TASK PROMPT | In the entries below, find the line with "Bangle :Add vibrance" and the line with "在视频中,杨颖刚开始尝试滑雪", then retype both and everything between them exactly. Do not copy the pictures.

SUPPLIED DATA |

=== Begin Enclosure ===

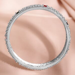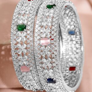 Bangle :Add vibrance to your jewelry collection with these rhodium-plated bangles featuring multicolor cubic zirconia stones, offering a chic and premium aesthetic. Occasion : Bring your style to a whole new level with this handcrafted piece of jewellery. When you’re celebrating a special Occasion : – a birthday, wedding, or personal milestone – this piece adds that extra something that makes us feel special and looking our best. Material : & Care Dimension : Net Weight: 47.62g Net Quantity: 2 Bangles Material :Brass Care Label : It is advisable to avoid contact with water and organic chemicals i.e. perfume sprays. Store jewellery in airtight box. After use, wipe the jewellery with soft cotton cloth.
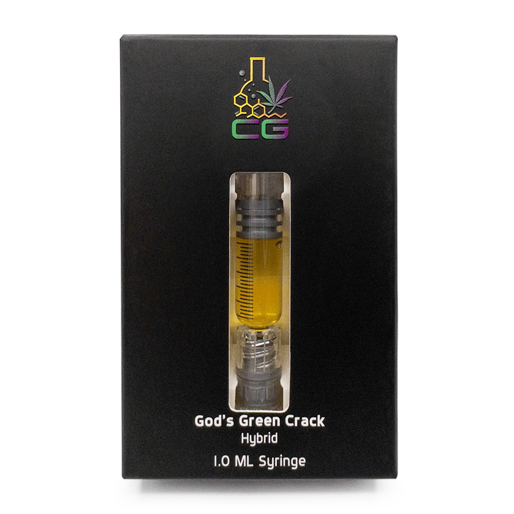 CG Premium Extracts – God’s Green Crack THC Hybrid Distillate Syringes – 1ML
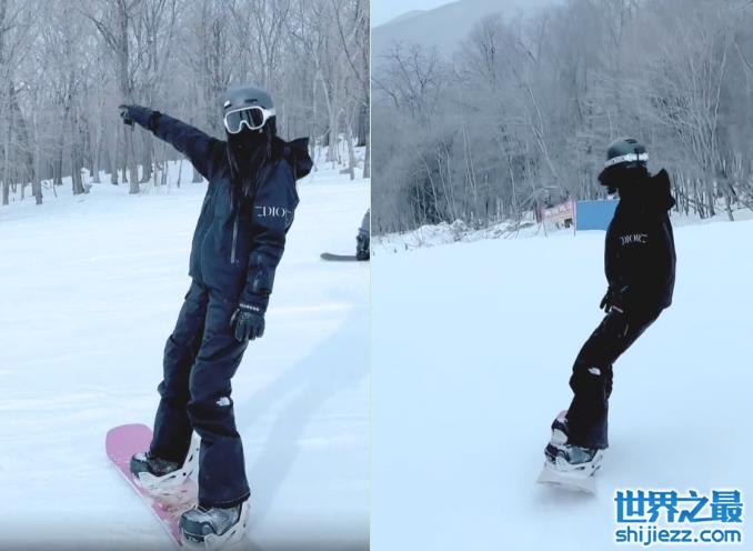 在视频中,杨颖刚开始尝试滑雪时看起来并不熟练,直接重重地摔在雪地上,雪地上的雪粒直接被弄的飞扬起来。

=== End Enclosure ===
=== Begin Enclosure ===

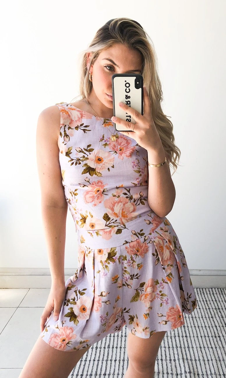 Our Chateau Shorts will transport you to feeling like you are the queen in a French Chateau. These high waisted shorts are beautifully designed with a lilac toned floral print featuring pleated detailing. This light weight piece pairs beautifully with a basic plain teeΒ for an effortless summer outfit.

=== End Enclosure ===
=== Begin Enclosure ===

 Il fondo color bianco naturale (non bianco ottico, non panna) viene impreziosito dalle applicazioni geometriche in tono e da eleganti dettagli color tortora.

=== End Enclosure ===

TASK RESULT |
 Bangle :Add vibrance to your jewelry collection with these rhodium-plated bangles featuring multicolor cubic zirconia stones, offering a chic and premium aesthetic. Occasion : Bring your style to a whole new level with this handcrafted piece of jewellery. When you’re celebrating a special Occasion : – a birthday, wedding, or personal milestone – this piece adds that extra something that makes us feel special and looking our best. Material : & Care Dimension : Net Weight: 47.62g Net Quantity: 2 Bangles Material :Brass Care Label : It is advisable to avoid contact with water and organic chemicals i.e. perfume sprays. Store jewellery in airtight box. After use, wipe the jewellery with soft cotton cloth.
 CG Premium Extracts – God’s Green Crack THC Hybrid Distillate Syringes – 1ML
 在视频中,杨颖刚开始尝试滑雪时看起来并不熟练,直接重重地摔在雪地上,雪地上的雪粒直接被弄的飞扬起来。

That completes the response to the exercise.